When techies converge in January for the Consumer Electronics Show in Las Vegas, it's partially Symbol Technologies Inc.'s radio frequency identification (RFID) platform the Las Vegas McCarran International Airport will use to track luggage.
The application is one in many Symbol, the RFID reader and tag inlay manufacturer, has developed, but the plan in 2006 is to make a stronger push into other markets worldwide with a variety of RFID platforms to gain traction on rivals such as Intermec Technologies Corp. For example, the plan is to add forklifts and other mobile applications to its existing handheld devices and reader devices companies typically mount on shipping and receiving dock doors at distribution centers.
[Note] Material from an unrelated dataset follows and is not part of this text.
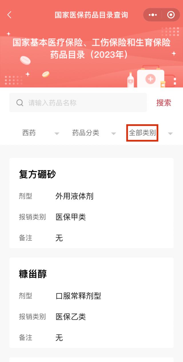 与此同时,还可根据需要,对“药品分类”、“药品类别”进行选择,医疗保险药品信息一目了然。

Although the majority of its sales are in the United States, Symbol will begin to build more products for companies in Europe and in Asia-Pacific. The strategy, in part, is to plunge into overseas markets offering new applications with help from up to 7,000 development and channel partners.
Symbol will deliver European compliant products early in 2006. Next year, the company also " will develop better software and interfaces, particularly for the XR400 RFID fixed and handheld readers, so partners can develop applications directly onto those devices," said Phil Lazo, vice president and general manager of RFID infrastructure at Symbol Technologies.
Lazo said the U.S. is the "dominant market" for Symbol today, followed by Asia and Europe, but that mix "will change next year" as the company gets new products into those markets. "We have built the capacity to deliver between 200 million and 400 million RFID inlays to the marketplace," he said.
Research firm Gartner Inc. expects new license revenue will reach $751 million in 2006, as more industries worldwide adopt RFID technology.